Chronic Inflammatory Response Syndrome Profile
Chronic Inflammatory Response Syndrome (CIRS) describes a constellation of symptoms, associated laboratory findings and test results associated with biotoxin exposure in genetically susceptible individuals.
The diagnosis of CIRS relies on four major criteria:
Clinical picture consistent with biotoxin exposure
Symptoms of biotoxin-related illness
- Abnormal Visual Contrast Sensitivity (VCS)
Abnormal laboratory results and clinical tests consistent with CIRS
The following biomarkers are measured in this CIRS panel:
MSH, VIP, VEGF, C4A, TGF B, MMP 9
Optional Molds IgG profile and Pro-inflammatory Cytokines can also be added to this profile.
In mold illness, MSH will be too low in over 95% of patients. This means increased susceptibility to mold illness, ongoing fatigue, pain, hormone abnormalities, mood swings, and much more. MSH is a hormone, called a regulatory neuropeptide, and it controls many other hormones, inflammation pathways, and basic defences against invading microbes. Without MSH, bad things happen; chronic sleep disorders with non-restful sleep develop, and endorphin production is reduced, so chronic pain follows.

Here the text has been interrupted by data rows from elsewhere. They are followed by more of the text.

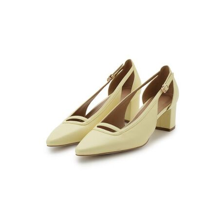 サイドオープンデザインで肌感を添えたパンプスは、暑い時期でもはきやすく、抜け感たっぷり。
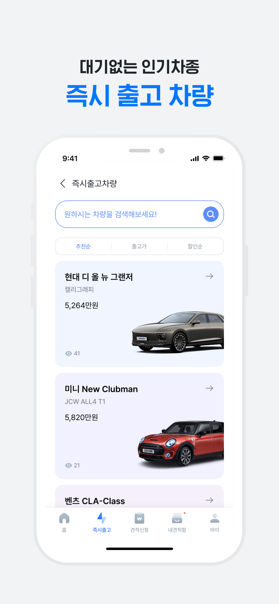 - 차량별 최대 할인혜택! 기다리지 않는 즉시출고차량! 카랩에서 바로 확인이 가능합니다.
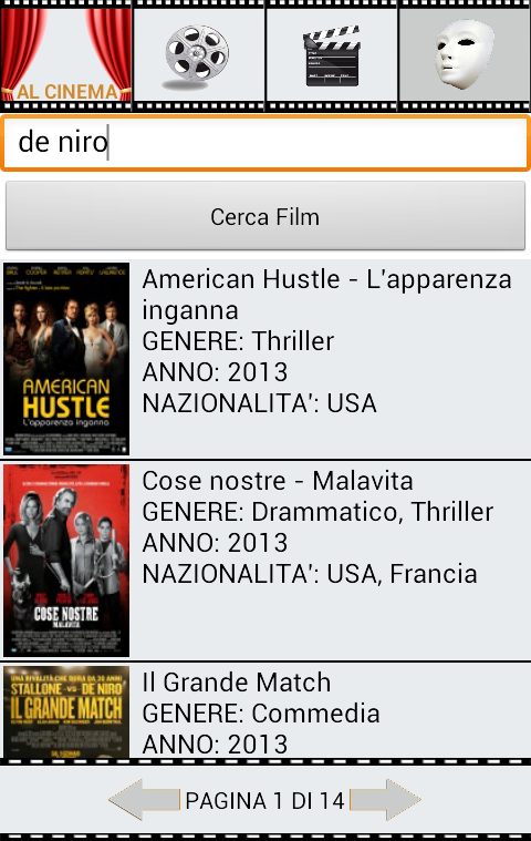Search for Actor: Do you want to know all the movies of your favorite actor? Enter your name in the search bar and the application will print 'screen all the films interpreted by it, giving you the chance' to consult the playbill, the plot, the Cast and many other useful information

VIP: Vasoactive intestinal polypeptide (VIP) is a neuroregulatory hormone with receptors in the hypothalamus. This hormone/cytokine regulates peripheral cytokine responses, pulmonary artery pressures, and inflammatory responses throughout the body.
Low VIP levels are present in mold illness patients. This leads to unusual shortness of breath, especially in exercise. To date, every multiple chemical sensitivity patient Shoemaker has seen (over 500) have had low VIP. VIP plays a role similar to MSH in regulating inflammatory responses.
With respect to the digestive system, VIP seems to induce smooth muscle relaxation (lower esophageal sphincter, stomach, gallbladder), stimulate secretion of water into pancreatic juice and bile, and cause inhibition of gastric acid secretion and absorption from the intestinal lumen, which can lead to chronic, watery diarrhea.
VEGF: Vascular endothelial growth factor (VEGF) is a substance made by cells that stimulates new blood vessel formation and increases blood flow in the capillary beds. VEGF is a polypeptide. Deficiency of VEGF is quite common and is a serious problem in biotoxin illness patients that must be corrected. If you don’t have blood flow, cells begin starve and don’t work properly.
MMP-9: Matrix metallopeptidase 9 (MMP-9) is an enzyme that in humans, is encoded by the MMP9 gene. Proteins of the MMP9 family are involved in the breakdown of extracellular matrix in normal physiological processes, such as embryonic development, reproduction, and tissue remodeling, as well as in disease processes.
It has been implicated in pathogenesis COPD by destruction of lung elastin, in rheumatoid arthritis, astherosclerosis, cardiomyopathy, and abdominal aortic aneurysm.
MMP-9 delivers inflammatory elements of of blood into subintimal spaces, where further delivery into solid organs (brain, lung, muscle, peripheral nerve and joint) is initiated.
C4a: C4a has become the inflammatory marker of greatest significance looking at innate immune responses in those with exposure to Water Damaged Buildings (WDB).
The complement system is a group of proteins that move freely through your bloodstream. The proteins work with your immune system and play a role in the development of inflammation.
Each complement activates inflammatory responses, with spillover of effect from the innate immune response to acquired immune response and hematologic parameters.
These short-lived products are re-manufactured rapidly, such that an initial rise of plasma levels is seen within 12 hours of exposure to biotoxins, and sustained elevation is seen until definitive therapy is initiated.
TGF-B1: TGF Beta-1 is a protein that has important regulatory effects throughout innate immune pathways. This protein helps control the growth and division (proliferation) of cells, the process by which cells mature to carry out specific functions (differentiation), cell movement (motility), and the self-destruction of cells (apoptosis). The TGF Beta-1 protein is found throughout the body and plays a role in development before birth, the formation of blood vessels, the regulation of muscle tissue and body fat development, wound healing, and immune system function (especially regulatory T-cells).
TGF Beta-1 can impair T-regulatory cell function, which in turn contributes to the activation of autoimmunity, yet TGF Beta-1 also plays a role in suppressing autoimmunity(!). TGF Beta-1 has become important in the exploding incidences of childhood asthma, raising the tantalizing issue of remodeling due to biotoxin exposure. The EPA says that 21% of all new cases of asthma are due to exposure to Water Damaged Buildings. If an individual develops wheezing after exposure to a water damaged building, look for remodeling to be the cause. Remodeling means "something" happens that the airway changes to be more reactive and in need of medications to reduce wheezing. Neurologic, autoimmune and many other systemmic problems also are found with high TGF Beta-1.